Memoization works by adding a table that stores (n, f(n)) pairs. The easiest way to implement such a table in Python is to use a dictionary:

cache = {}  # an initially empty dictionary

Next, we modify the code in fib to check to see if the desired value has already been calculated:

cache = {}
def fib2(n):
    if n == 0:
        return 1
    elif n == 1:
        return 1
    else:
        if not n in cache:
            cache[n] = fib2(n-2) + fib2(n-1)
        return cache[n]

This is much faster than fib!

What’s interesting about this is that adding the memoizing does not require modifying the body of fib. This the key to writing a general-purpose memoizer that works with any function.

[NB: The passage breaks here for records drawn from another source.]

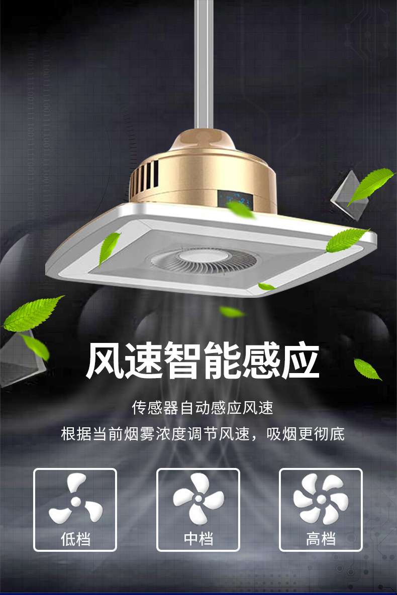 傳感器自動感應風速,根據當前煙霧濃度調節風速,三擋調節。多重凈化技術。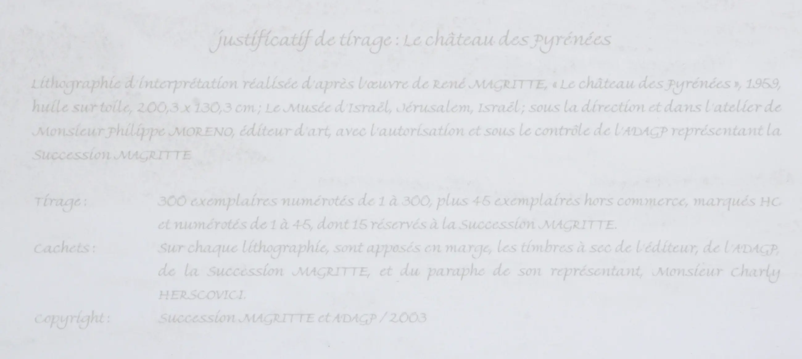 Rene Magritte - (naar), Le Château des Pyrenées, Lithografie, 77,5x57,5 cm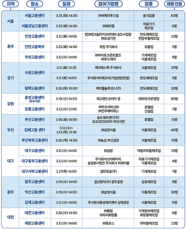 - 3월 12일~3월 25일까지 고용센터 및 대학 캠퍼스에서 개최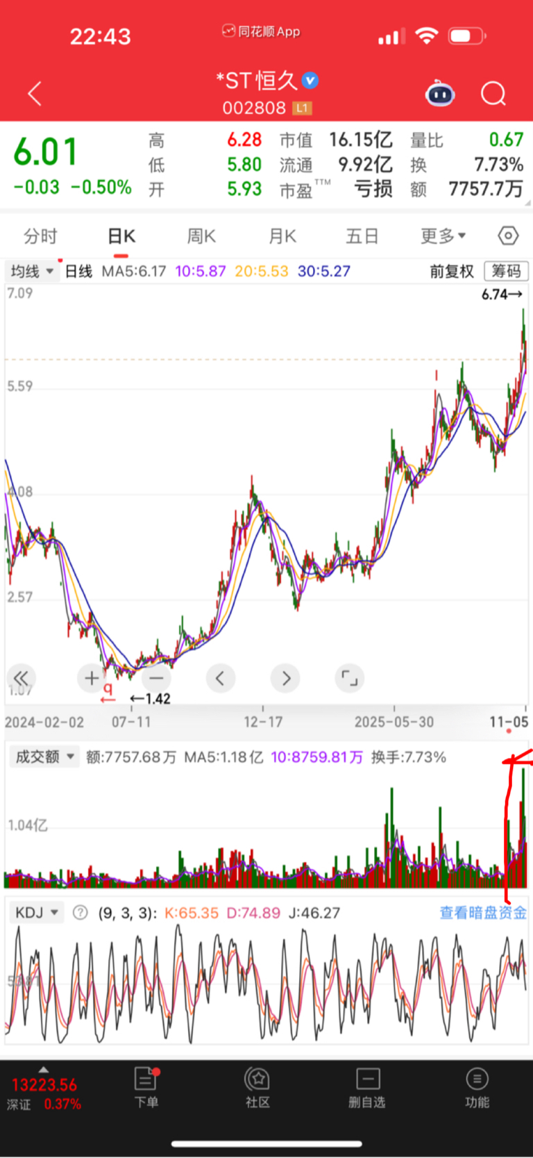 $*ST恒久(SZ002808)$ 这明明是见顶了,1元多涨到6元多放量。不信找100只股,98只从低位涨到高位放量,即出货完了。但不会马上a杀,长期以后会很惨。我也不知道为什么,在高位接了盘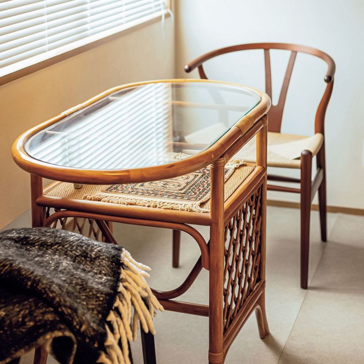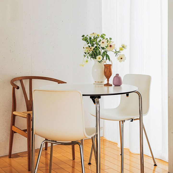 角形より置く場所を選ばず、テーブルを囲む人数も融通が利きます。天板が折り畳めるドロップリーフタイプは、壁に寄せられて便利。(田中 萌さん・化粧品会社勤務)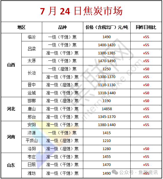 焦炭方面,今日国内焦炭市场偏强运行。今日下午中焦协市场委员会召开市场分析会,与会企业达成以下决议: 1、自7月25日零时起,对钢厂客户执行捣固湿熄焦价格上调50元/吨,捣固干熄焦价格上调55元/吨。2、继续坚持预收款的商业模式,不赊销,不放弃检斤计量化验权。会后,河北、山西地区主导焦企对焦炭开启第三轮提涨50-55元/吨,河北、天津地区部分钢厂于今日下午已接受焦炭第三轮提涨。供应方面,尽管焦炭第二轮提涨已全面落地,但由于原料焦煤价格持续走强,焦企入炉煤成本压力居高不下,部分企业仍处于亏损状态。叠加原料供应紧张等因素制约,焦企生产负荷持续受限,市场供应呈现收缩态势,现山西地区主流准一级干熄焦报1320-1395元/吨。需求方面,钢厂高炉开工率维持高位,刚性需求支撑明显,叠加近期钢材价格持续上涨,钢厂利润较为可观,对焦炭补库需求较好。港口方面,港口焦炭现货偏强运行,焦价连续提涨带动市场情绪走强,现港口准一级冶金焦主流现汇出库价1450-1500元/吨。综合来看,受利润压缩及环保政策制约,焦企开工率持续受限,供应端呈现收缩态势,而下游钢厂铁水产量高位,补库需求持续释放,焦企普遍出现排队装车现象,部分企业惜售情绪浓厚。叠加原料焦煤价格持续攀升,对焦炭价格形成强成本支撑,预计短期内焦炭市场或继续偏强运行。后期需持续关注宏观政策、焦炭库存变化、焦炭供需情况、原料煤价格走势、焦钢盈利情况变化、钢材消费表现等对焦炭市场的影响。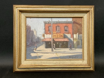 HAROLD WOLPOFF (MA, 1924-2013) Rockland Cty. Corner Street with Pizza Shop. Oil on Canvas . Dimensions: 14” H x 17” W framed.
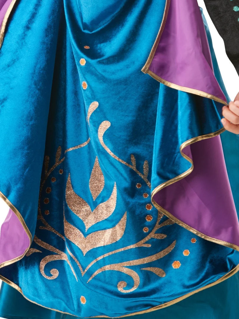 - Luxurious detachable velour two-tone cloak has satin lining and a gold trim border. The cloak features a large glittery wheat design in gold and bronze tones and attaches to the dress with two velcro tabs at the front of the shoulders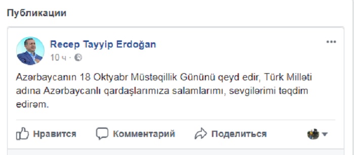Türkiyə prezidenti Rəcəb Tayyib Ərdoğan Azərbaycan xalqını 18 oktyabr Müstəqllik günü münasibəti ilə təbrik edib.
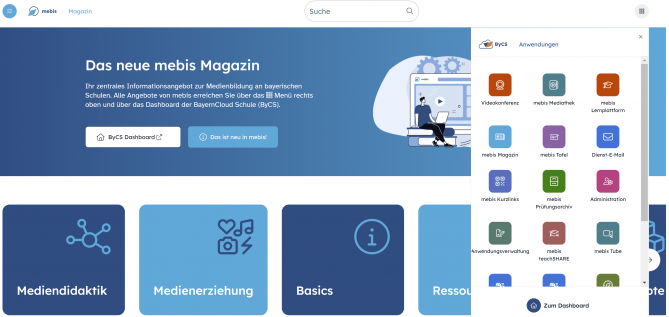 Die pädagogischen Anwendungen und digitalen Unterrichtsinhalte von mebis – Landesmedienzentrum Bayern sind zentraler Teil der BayernCloud Schule.

In Python, the best way to write a memoizer is to use a class like this:

class memoize(object):
    def __init__(self, fn):
        self.fn = fn
        self.cache = {}
    def __call__(self, *args):
        if not args in self.cache:
            self.cache[args] = self.fn(*args)
        return self.cache[args]

Don’t worry about the exact syntactic details of Python. Just notice that the code that was used to implement memoization was generalized and put into a class.

Now we can easily memoize a function by using decorator syntax, e.g.:

@memoize    # decorator
def fib(n):
    if n == 0:
        return 1
    elif n == 1:
        return 1
    else:
        return fib(n-2) + fib(n-1)

The decorator acts as if we had written fib = memoize(fib).

Closures¶

Why is Clojure called Clojure? It’s a play on the term closure, and the “j” is for Java.

So what is a closure? It’s a combination of two things: a function, and an environment of (variable, value) pairs. The function is allowed to use variables from this environment.

For example, consider this code:

(defn f [x] (+ x 1))

f is the name of a function, not a closure. But things change when we define it like this:

(defn make-adder [n]
    (fn [x] (+ n x))   ;; n's value comes from outside the lambda function
)

(def g (make-adder 1))  ;; note the use of def

g names a closure that includes both a function and a binding for the variable n. If you have just the function (fn [x] (+ n x)), then you can’t actually evaluate it because n is not specified. But, of course, in this example, n is bound to the value 1. The function plus this binding of n is a closure.

More concretely, compare this:

=> (def g1 (let [n 1] (fn [x] (+ n x))))

=> (g1 5)
6

=> (g1 9)
10

To this:

=> (def g2 (fn [x] (+ n x)))
user=> CompilerException java.lang.RuntimeException: Unable to resolve symbol: n in this context, compiling:(/tmp/form-init597735295358479020.clj:1:17)

Clojure doesn’t let us define g2 because the variable n is free, i.e. it is not bound to any value. And so how could Clojure possibly evaluate (g2 5) or (g2 9)? It can’t!

g1 is a closure. You can see that it’s not just a function, but a function along with some variable bindings that it needs.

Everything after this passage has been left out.